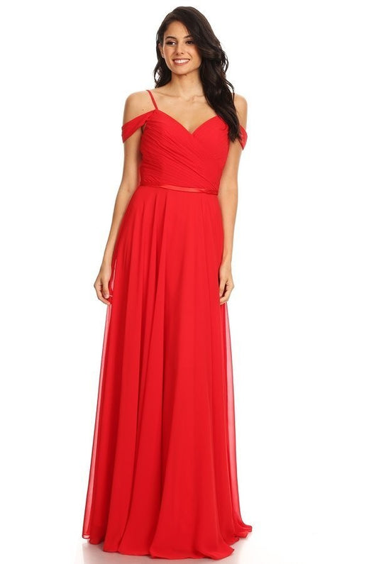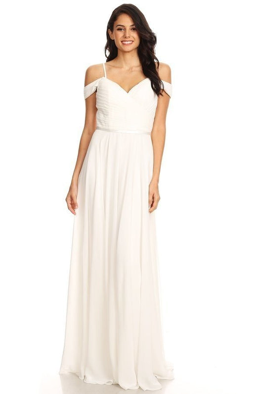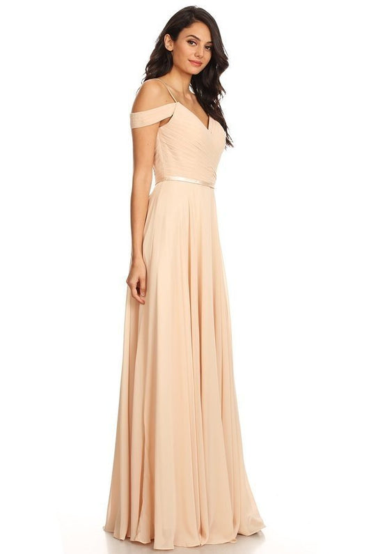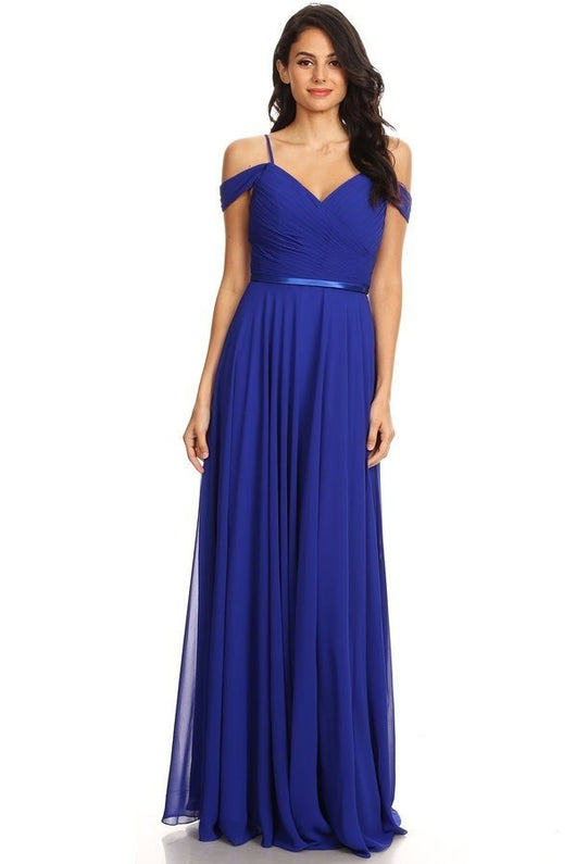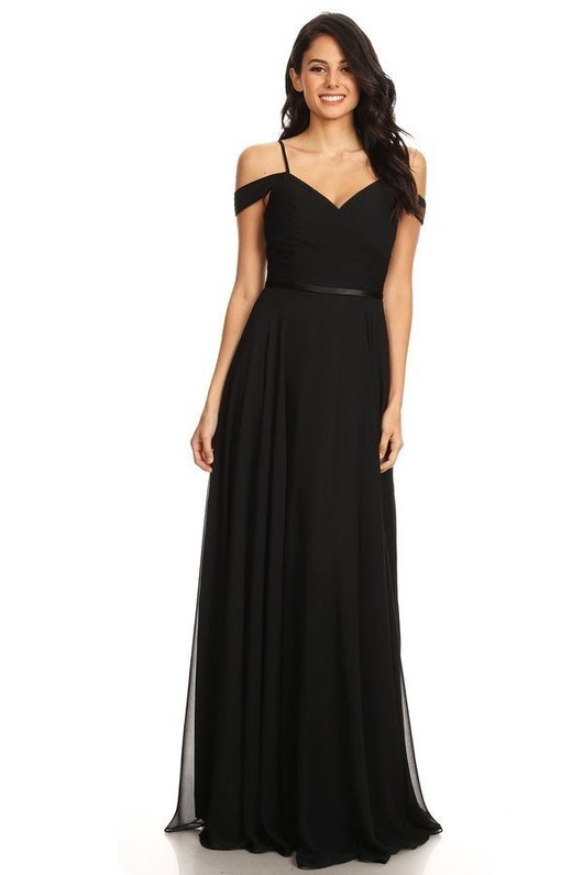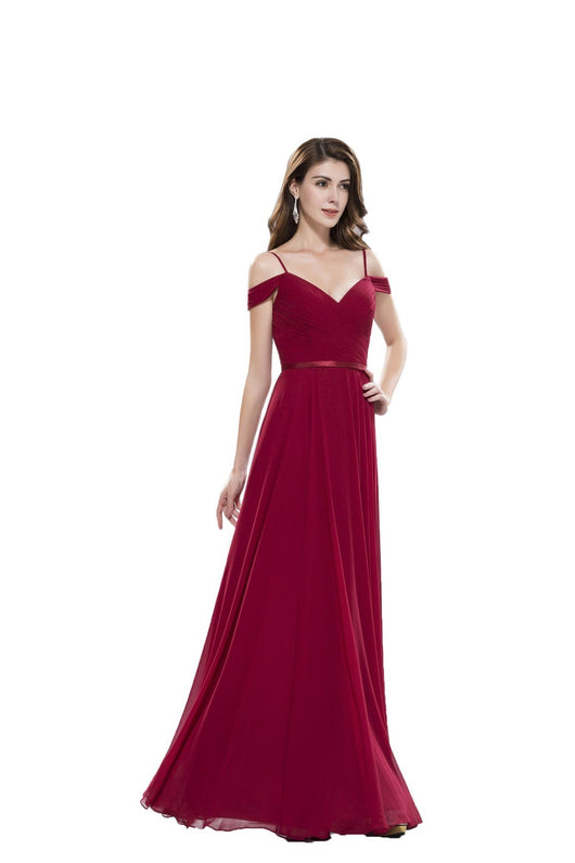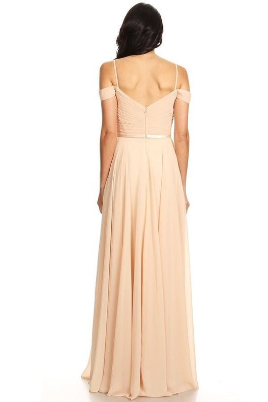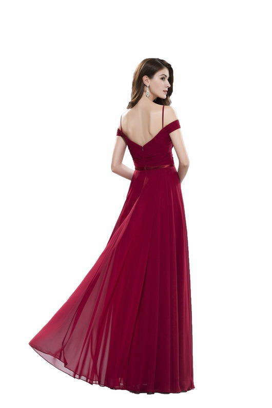 Bridesmaid dress features satin waistline belt . pleated bodice , gathered flowy skirt and off the shoulder straps
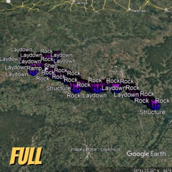 Discover the ultimate bass fishing secrets at Wheeler Lake, AL with our meticulously crafted fishing waypoints. Leveraging the power of Google Earth®, Navionics® as well as other tools, we've pinpointed the most productive hot spots where bass thrive. Delve into the intricacies of the lake breakdown, as our waypoints lead you to strategic locations like brush piles, ledges, rocks, and timber, ensuring you're at the heart of the action.
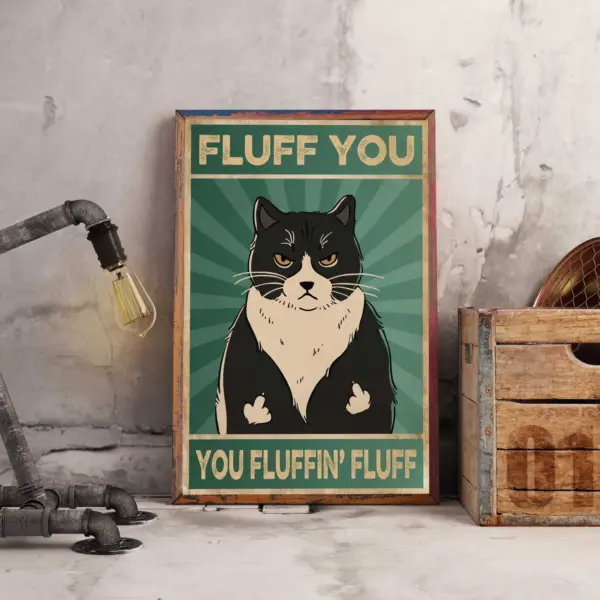 Love Cat Poster Fluff You You Fluffin Fluff Poster Vintage Cat Canvas Print Funny Cat Poster Funny Kitten Poster Cat Lover Gift
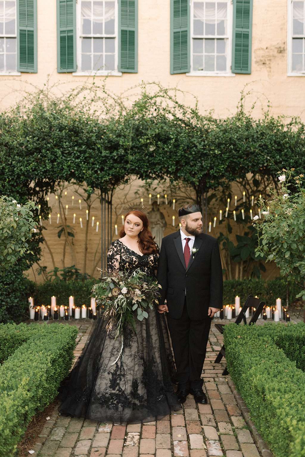 Chase and Ellen met while performing together in a production of The Addams Family Musical at Theatre Memphis, so it’s no surprise that their wedding had a dark and moody theme! “Our mutual love of theatre meets a gothic horror aesthetic inspired our October wedding day,” the bride told us. “Think Interview With a Vampire meets American Horror Story: Coven and you’re halfway there!”
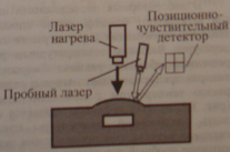 В лабораторных исследованиях иногда используют специфический способы тепловой стимуляции и регистрации температуры. Высоким температурным разрешением обладает техника «миража», которая предусматривает нагрев и регистрацию температуры с помощью лазера (рис. 2, и). Над дефектом создаётся область повышенной температуры прилегающего воздуха при прохождении через которую пробный луч лазера претерпевает отклонение, пропорциональные температуры и регистрируемые позиционно-чувствительным фотодетектором. Другой пример комбинирование техники НК показан на рис 2, к: при нагреве лазером слои материала, расположенные над дефектом, испытывают аномальные деформации, которые фиксируют с помощью второго (пробного) лазера и позиционно-чувствительного фотодетектора.
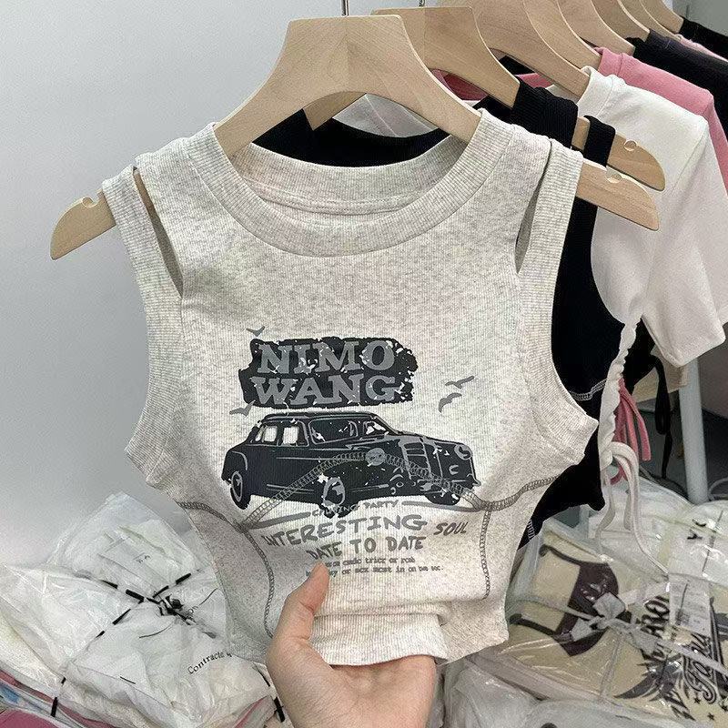 소녀를위한 달콤한 쿨 스타일 짧은 조끼 2025 여름 새로운 여성의 보물 세련된 디자인 센스 민소매 탑 티셔츠 슬링스토어 가기
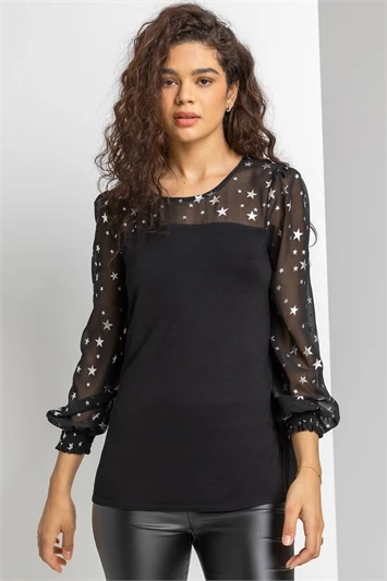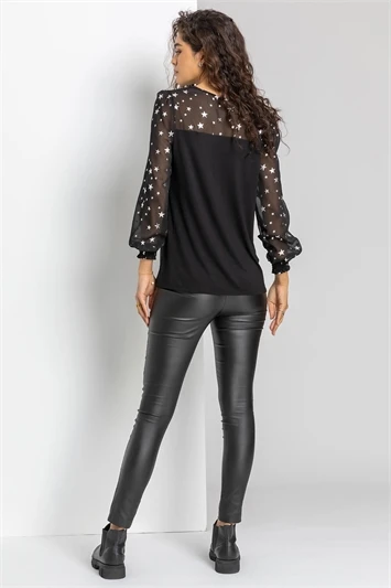 Be star of the show with this curve, star print chiffon top. Cut from a smooth, woven fabric this piece features a v neckline and full length, sheer sleeves with elasticated cuffs. It’s adorned in a striking, metallic star print and comes complete with a matching necklace. A soft jersey under and contrast back provide extra comfort. Pair with our curve leather look trousers for an out of this world outfit!
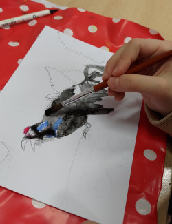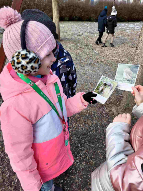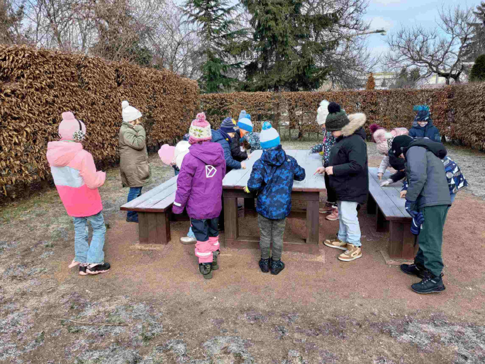 Při výtvarné výchově se druháci šli osvěžit na čerstvý mrazivý vzduch. První pohled padl na bílou trávu. Je to led? Sníh? ... Už víme, jinovatka! A na stole je námraza! Kreslení šlo samo až do té doby, než se ozval zpěv našich stálých ptáků. Žáci je našli a namalovali.
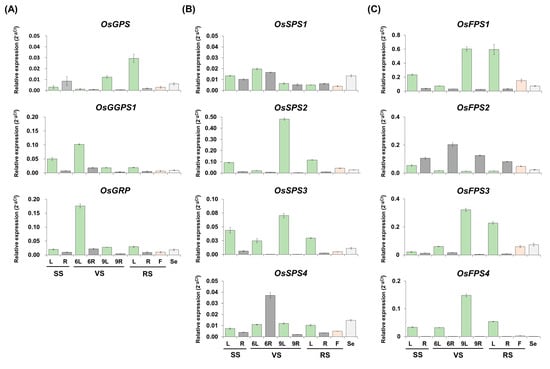 To profile the expression patterns of rice trans-PT genes, transcript levels were examined by qRT-PCR using rice RNAs from the leaves, roots and florets at stages of seedling, early and late vegetative, reproductive and mature seeds (Figure 4). The OsGPS gene showed relatively low expression, with the highest peak in leaves at reproductive stage. The expression patterns of OsGGPS1 and OsGRP genes were very similar, displaying the highest levels in leaves at the early vegetative stage. This expression pattern revealed leaf-preferential expression of three rice PTs of Group I (Figure 4A), reflecting the property to form a heteromeric complex between OsGGPS1 and OsGRP [10]. Among four rice PTs of Group II, OsSPS1 and OsSPS4 in a subgroup B were expressed at significantly low levels in all tissues. The highest peak of OsSPS4 in roots was at the early vegetative stage and OsSPS2 and OsSPS3 in subgroup A were expressed mainly in leaves of all developmental stages, with the highest peaks at the late vegetative stage (Figure 4B), showing similar expression patterns within the same subgroup. Moreover, the highest expression peak of OsSPS2 in leaves proposes that an OsSPS2 might play a major role as an SPS in the leaves of rice plants. Among five rice PTs of Group III, OsFPS1 and 3 in subgroup B were expressed with preference to leaves at all developmental stages, while OsFPS2, another gene in subgroup B, was mainly expressed in roots of all developmental stages. They were all slightly expressed in florets and seeds. Unlike these, OsFPS4 of subgroup A was exclusively expressed in leaves of all developmental stages (Figure 4C). Lastly, the expression of OsFPS5 was also analyzed, but was not detected in our data set at all and further investigated in a RiceXPro database to find out that it is quite limitedly expressed in the early stage of embryo (Supplementary Figure S2).

+---+

Task brief — I would like the material above returned exactly as it stands, without its pictures.

Completed task —
 Bridesmaid dress features satin waistline belt . pleated bodice , gathered flowy skirt and off the shoulder straps
 Discover the ultimate bass fishing secrets at Wheeler Lake, AL with our meticulously crafted fishing waypoints. Leveraging the power of Google Earth®, Navionics® as well as other tools, we've pinpointed the most productive hot spots where bass thrive. Delve into the intricacies of the lake breakdown, as our waypoints lead you to strategic locations like brush piles, ledges, rocks, and timber, ensuring you're at the heart of the action.
 Love Cat Poster Fluff You You Fluffin Fluff Poster Vintage Cat Canvas Print Funny Cat Poster Funny Kitten Poster Cat Lover Gift
 Chase and Ellen met while performing together in a production of The Addams Family Musical at Theatre Memphis, so it’s no surprise that their wedding had a dark and moody theme! “Our mutual love of theatre meets a gothic horror aesthetic inspired our October wedding day,” the bride told us. “Think Interview With a Vampire meets American Horror Story: Coven and you’re halfway there!”
 В лабораторных исследованиях иногда используют специфический способы тепловой стимуляции и регистрации температуры. Высоким температурным разрешением обладает техника «миража», которая предусматривает нагрев и регистрацию температуры с помощью лазера (рис. 2, и). Над дефектом создаётся область повышенной температуры прилегающего воздуха при прохождении через которую пробный луч лазера претерпевает отклонение, пропорциональные температуры и регистрируемые позиционно-чувствительным фотодетектором. Другой пример комбинирование техники НК показан на рис 2, к: при нагреве лазером слои материала, расположенные над дефектом, испытывают аномальные деформации, которые фиксируют с помощью второго (пробного) лазера и позиционно-чувствительного фотодетектора.
 소녀를위한 달콤한 쿨 스타일 짧은 조끼 2025 여름 새로운 여성의 보물 세련된 디자인 센스 민소매 탑 티셔츠 슬링스토어 가기
 Be star of the show with this curve, star print chiffon top. Cut from a smooth, woven fabric this piece features a v neckline and full length, sheer sleeves with elasticated cuffs. It’s adorned in a striking, metallic star print and comes complete with a matching necklace. A soft jersey under and contrast back provide extra comfort. Pair with our curve leather look trousers for an out of this world outfit!
 Při výtvarné výchově se druháci šli osvěžit na čerstvý mrazivý vzduch. První pohled padl na bílou trávu. Je to led? Sníh? ... Už víme, jinovatka! A na stole je námraza! Kreslení šlo samo až do té doby, než se ozval zpěv našich stálých ptáků. Žáci je našli a namalovali.
 To profile the expression patterns of rice trans-PT genes, transcript levels were examined by qRT-PCR using rice RNAs from the leaves, roots and florets at stages of seedling, early and late vegetative, reproductive and mature seeds (Figure 4). The OsGPS gene showed relatively low expression, with the highest peak in leaves at reproductive stage. The expression patterns of OsGGPS1 and OsGRP genes were very similar, displaying the highest levels in leaves at the early vegetative stage. This expression pattern revealed leaf-preferential expression of three rice PTs of Group I (Figure 4A), reflecting the property to form a heteromeric complex between OsGGPS1 and OsGRP [10]. Among four rice PTs of Group II, OsSPS1 and OsSPS4 in a subgroup B were expressed at significantly low levels in all tissues. The highest peak of OsSPS4 in roots was at the early vegetative stage and OsSPS2 and OsSPS3 in subgroup A were expressed mainly in leaves of all developmental stages, with the highest peaks at the late vegetative stage (Figure 4B), showing similar expression patterns within the same subgroup. Moreover, the highest expression peak of OsSPS2 in leaves proposes that an OsSPS2 might play a major role as an SPS in the leaves of rice plants. Among five rice PTs of Group III, OsFPS1 and 3 in subgroup B were expressed with preference to leaves at all developmental stages, while OsFPS2, another gene in subgroup B, was mainly expressed in roots of all developmental stages. They were all slightly expressed in florets and seeds. Unlike these, OsFPS4 of subgroup A was exclusively expressed in leaves of all developmental stages (Figure 4C). Lastly, the expression of OsFPS5 was also analyzed, but was not detected in our data set at all and further investigated in a RiceXPro database to find out that it is quite limitedly expressed in the early stage of embryo (Supplementary Figure S2).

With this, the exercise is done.